Я глядел на увенчанный толстыми стенами крепости холм, и мне вспомнились уложенные высокой короной волосы, платье из Вены, брошенное поперек кровати, луг за Нововейской, улицы, по которым мы шли под дождем на Новогродскую, Васильев, письма из немецких городов, но вереница растущих вдоль насыпи тополей уже заслонила травянистый склон с казармами наверху, уже развернула его к солнцу, тень от листьев, испещренная пятнами света, уже заплясала в зеркале на стене купе, вагоны уже накренились на повороте, лязгнули стрелки, засвистел локомотив…
Въезжаем в город?
Я посмотрел в окно. Так хорошо знакомые мне кирпичные башни костелов одна за другой выступали из легкой мглы. Я узнавал кружевные очертания крыш, готических эркеров, колоколен. Дома за поросшим травой валом, пролетая вдоль рельсов, накладывались друг на дружку, как побуревшие карты из петербургской талии; потом насыпь все заслонила.

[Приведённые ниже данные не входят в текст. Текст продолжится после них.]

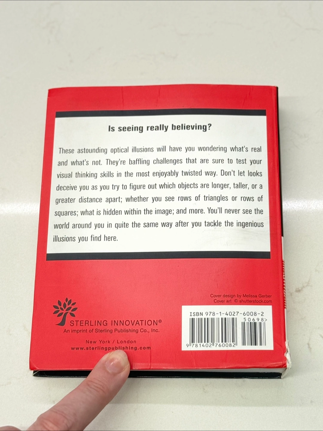 1000+Selling a book called Optical Illusions: Challenge Your Visual Thinking! It's a collection of astounding optical illusions that will have you wondering what's real and what's not. They're baffling challenges that are sure to test your visual thinking skills in the most enjoyably twisted way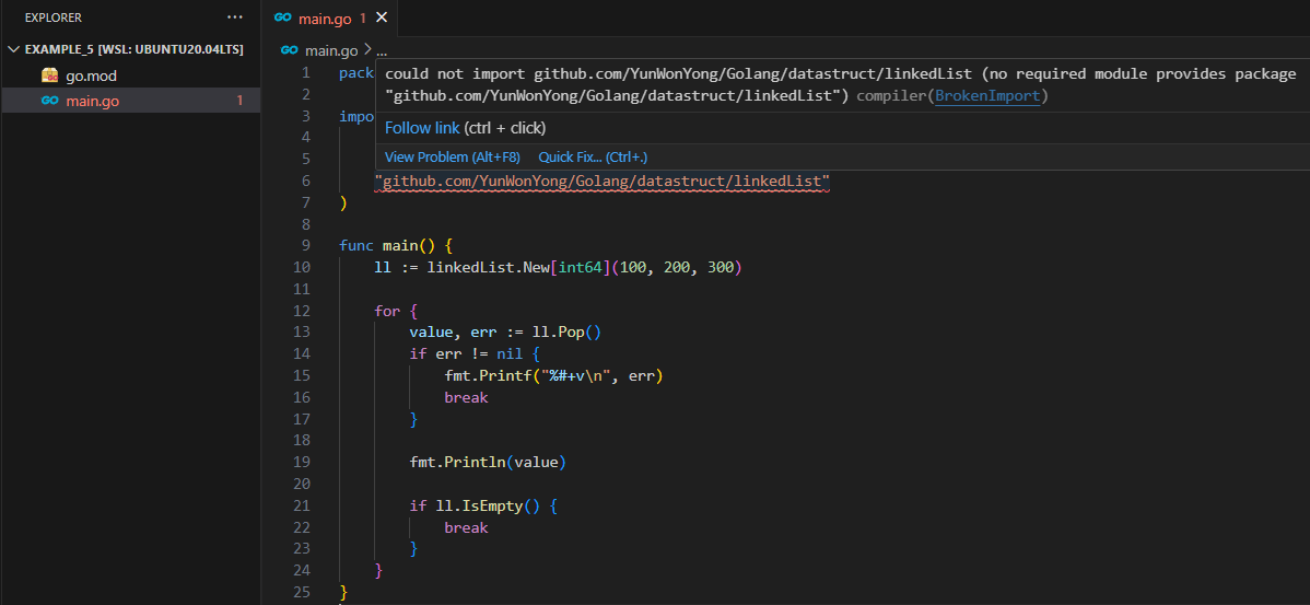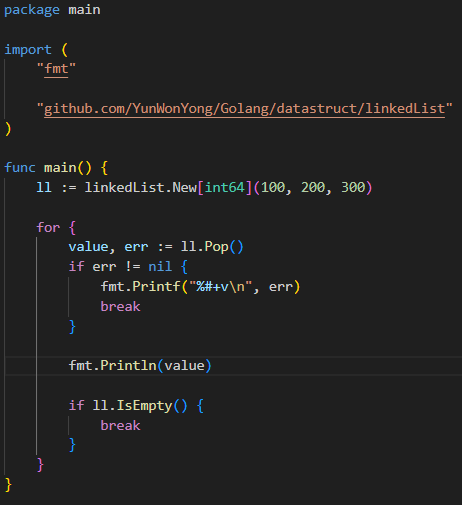 세 번째로 repository root에 go get github.com/YunWonYong/Golang/datastruct 명령을 사용해 다른 곳에서 root를 통해 datastruct를 접근할 수 있게 만든다. (이거 안 하면 datastruct를 못 불러옴)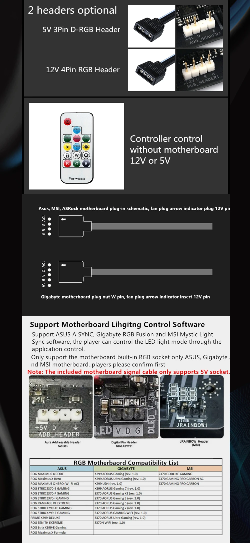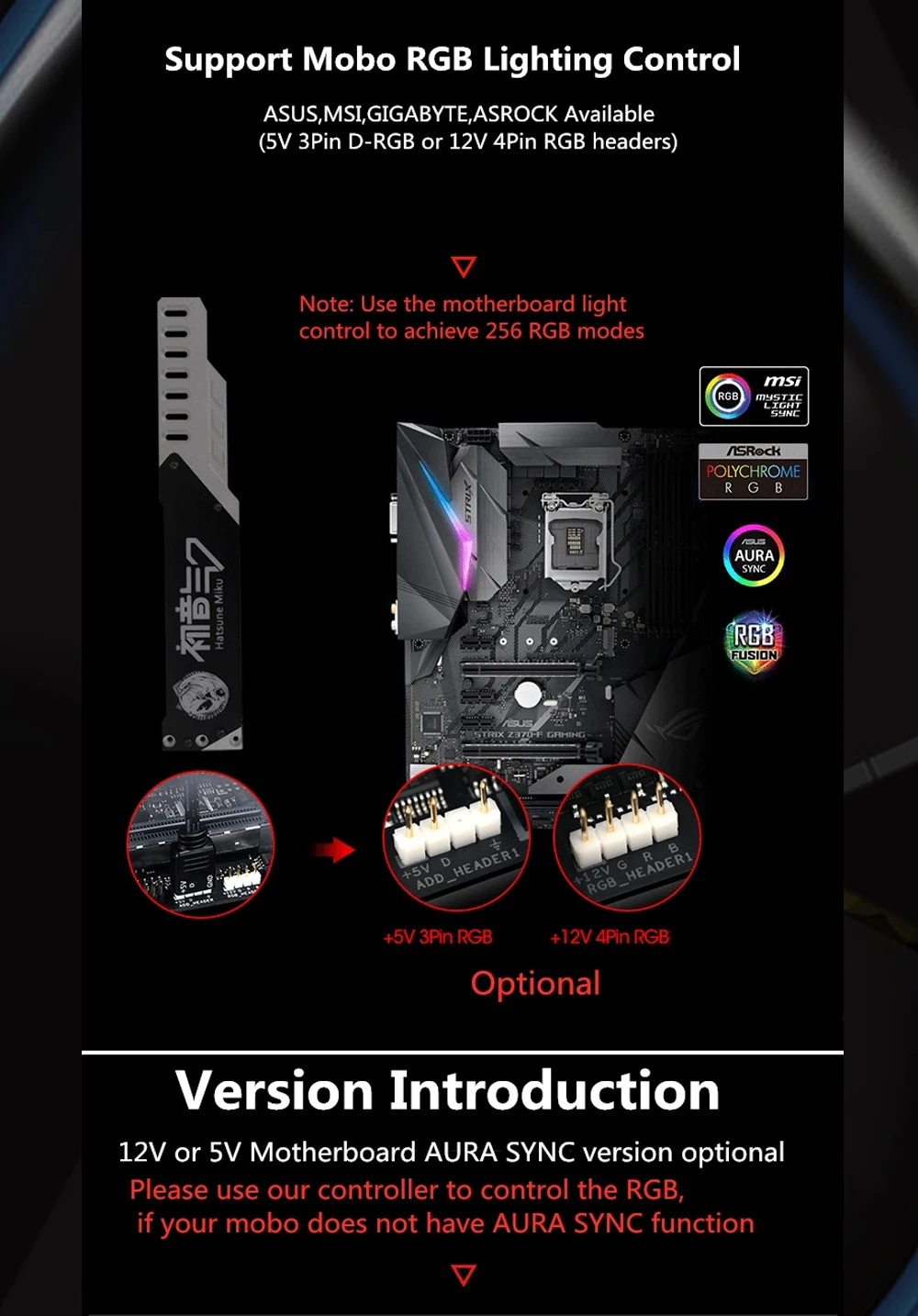 Características1. Material de aluminio y acrílico importado2. Luces LED de alta calidad3. Colorido RGB verdadero sinfonía de 16 colores4. Grabado de precisión de alta gama, nunca se quita la pinturaEstilo1. Modelos RGB-16 coloresGradiente, saltar, apagar las luces, siempre encendido, fijo, flash, brillo, control de velocidad y otras funciones (admite control remoto o sincronización de placa base)2. Sinfonía-16 coloresOriginario para traer 133 tipos de efectos de fantasía. Los efectos especiales y los cuchillos múltiples no se pueden escribir aquí. (múltiples excusas para satisfacerte)Nota: Se requieren 3 orificios de enroscar para brocas PCI (para chasis grande ATX, no se pueden instalar chasis pequeños)La Longitud del cable es de aproximadamente 30cm. Es adecuado para la posición de la interfaz de la esquina inferior izquierda de la placa base. En otros lugares, necesita tomar otro cable de extensión RGB.Compatible con el sistema de iluminación ASUS AURA. La siguiente barra de luz está conectada directamente a la interfaz de la placa base: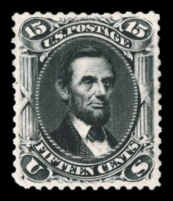 117 og 108 image#108, 15c Black re-issue, a most impressive mint example of this especially difficult value, possessing extraordinary centering within large margins, intensely rich color and an excellent clarity of impression on bright paper, full o.g., extremely fine; among the finest known Fifteen Cent Re-issues, of which only 397 were sold; 2006 PF certificate. (Image) $5,500.00

Поезд въехал в ущелье между деревьями, будто в зеленый, ведущий под землю туннель. По обеим сторонам тысячи листьев, поблескивающих, как рыбья чешуя? Плющ? Обнажившиеся корни на каменных стенах, скользких от росы? Зеркало на стенке купе потемнело, потом из-за черного моста над путями, на котором стоял неподвижный человек с поднятой к небу рукой, вынырнул семафор, похожий на застывшую стрелку метронома Аренса, здание вокзала, увенчанное крылатым колесом, выплывало из-за железных колонн, как огромный кирпичный корабль, небо куда-то исчезло, императорский флаг тяжело развевался на вокзальной башне с часами, мы подкатили к перрону, воздух перед поездом всколыхнулся, задувая газовые огоньки в фонарях. Прижавшись лицом к окну, я смотрел, как железные опоры крыши перрона сближаются, создавая туманную перспективу бесконечного коридора готических арок и пилонов, уходящую в глубь города, расплывающуюся в холодном свете. Из-под колес локомотива вырвалось на платформу белое облако пара.
По каменным плитам перрона под железными колоннами проплыла торжественная фигура носильщика в черном наглухо застегнутом сюртуке с медной бляхой на груди, в фуражке с номером под императорским орлом — увидев мое лицо в окне вагона, он медленно склонил голову, будто давно меня поджидал. Визг тормозящих колес…
Я коснулся отцовского плеча. Он, вздрогнув, открыл глаза. «Уже?» — «Да, папа, уже».
Поезд замедлял ход. За окном вырастала эмалированная доска с готическим названием города.
Дом Зиммелей
…итак, когда мать, разливая по чашкам кофе из высокого кофейника, заговорила о доме Зиммелей, а солнце осветило макушки елей в глубине сада, мне вспомнился тот день, когда я первый раз пришел на Фрауэнгассе, тот ясный ветреный день с белыми тучами на темной синеве, которые неспешно приближались со стороны моря, проплывали по высокому небу над крышей Мариенкирхе, над крышами лабазов, над травянистым фортификационным валом, отбрасывая тени, плавно скользящие по гладкой воде портовых каналов.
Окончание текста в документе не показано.